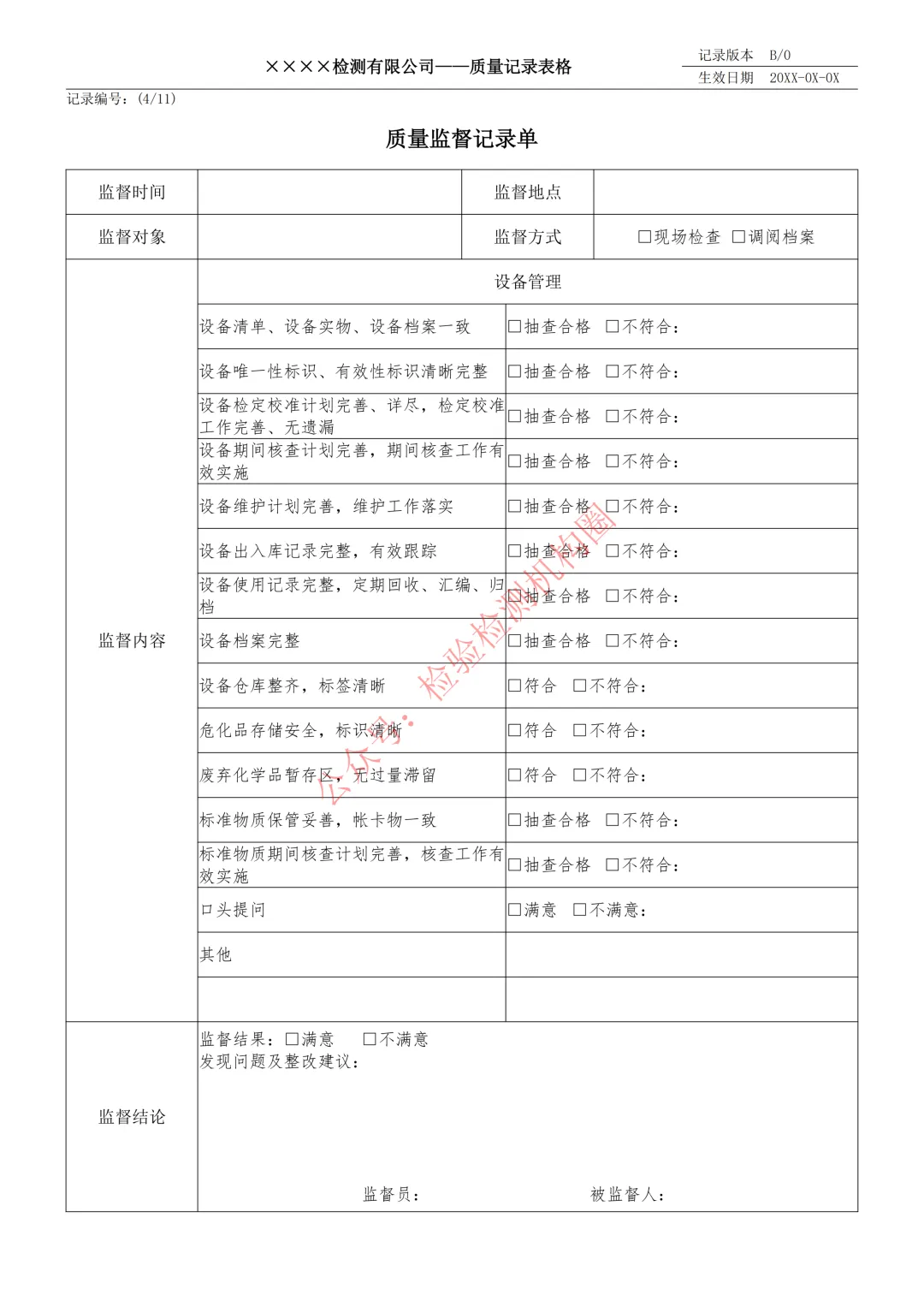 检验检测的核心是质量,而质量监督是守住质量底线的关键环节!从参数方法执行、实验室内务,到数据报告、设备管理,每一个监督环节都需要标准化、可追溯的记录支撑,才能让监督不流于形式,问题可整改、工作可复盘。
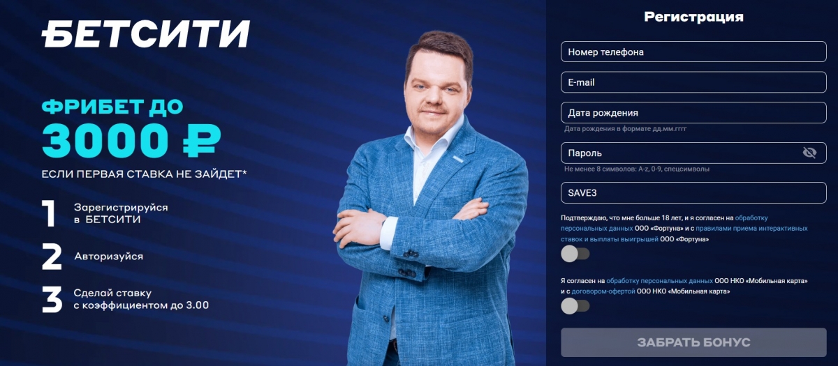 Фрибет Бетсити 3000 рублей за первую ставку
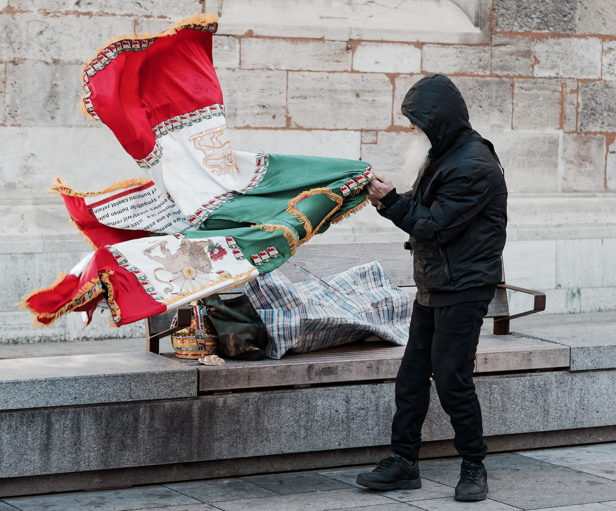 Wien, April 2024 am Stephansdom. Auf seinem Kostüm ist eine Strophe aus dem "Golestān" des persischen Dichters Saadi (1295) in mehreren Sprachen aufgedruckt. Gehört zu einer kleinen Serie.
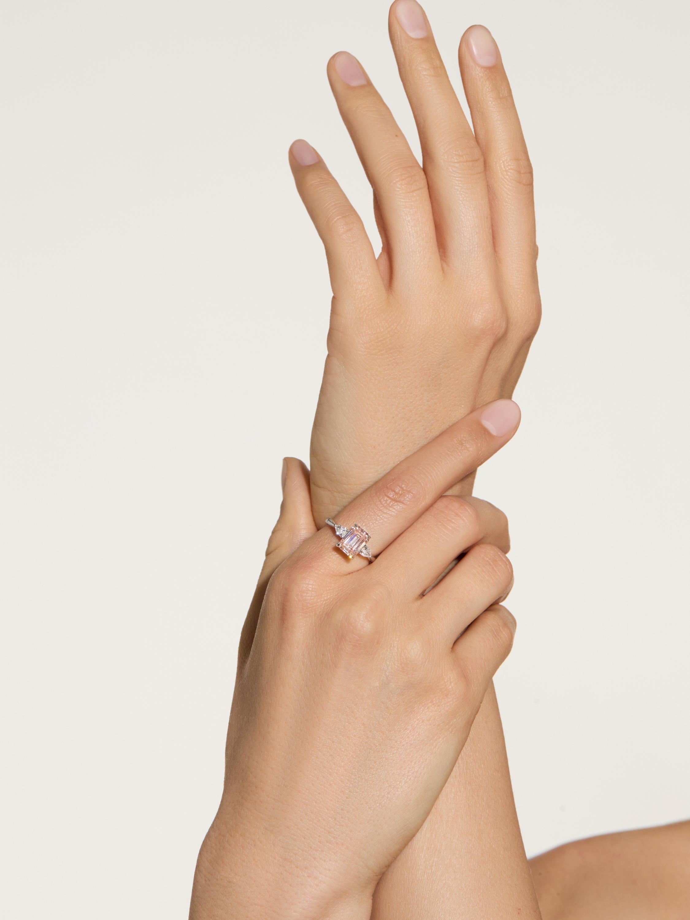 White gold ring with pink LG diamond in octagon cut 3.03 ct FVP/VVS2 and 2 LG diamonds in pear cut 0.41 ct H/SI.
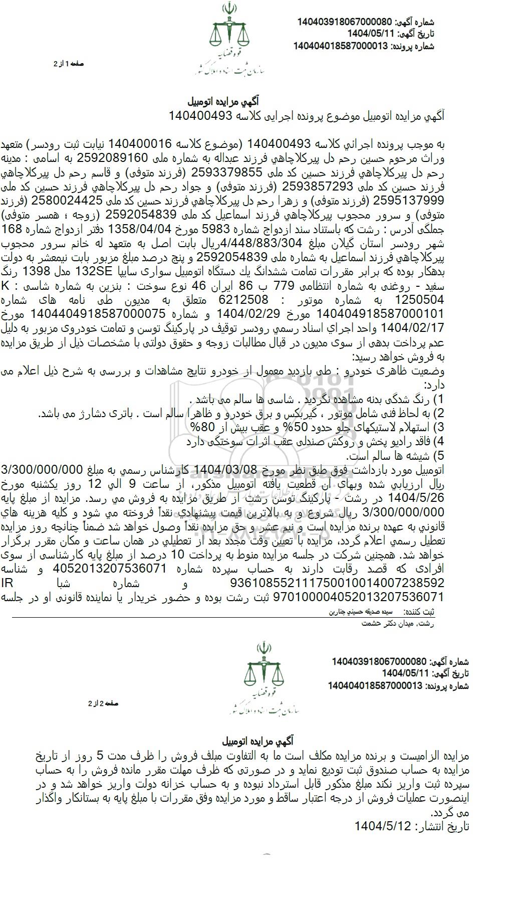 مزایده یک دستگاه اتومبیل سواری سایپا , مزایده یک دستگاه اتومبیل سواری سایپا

============================================================

§ ASSIGNMENT
Extract only the lines from the one that contains "White gold ring" through the end of the records, inclusive, and omit every picture.

§ TASK RESPONSE
 White gold ring with pink LG diamond in octagon cut 3.03 ct FVP/VVS2 and 2 LG diamonds in pear cut 0.41 ct H/SI.
 مزایده یک دستگاه اتومبیل سواری سایپا , مزایده یک دستگاه اتومبیل سواری سایپا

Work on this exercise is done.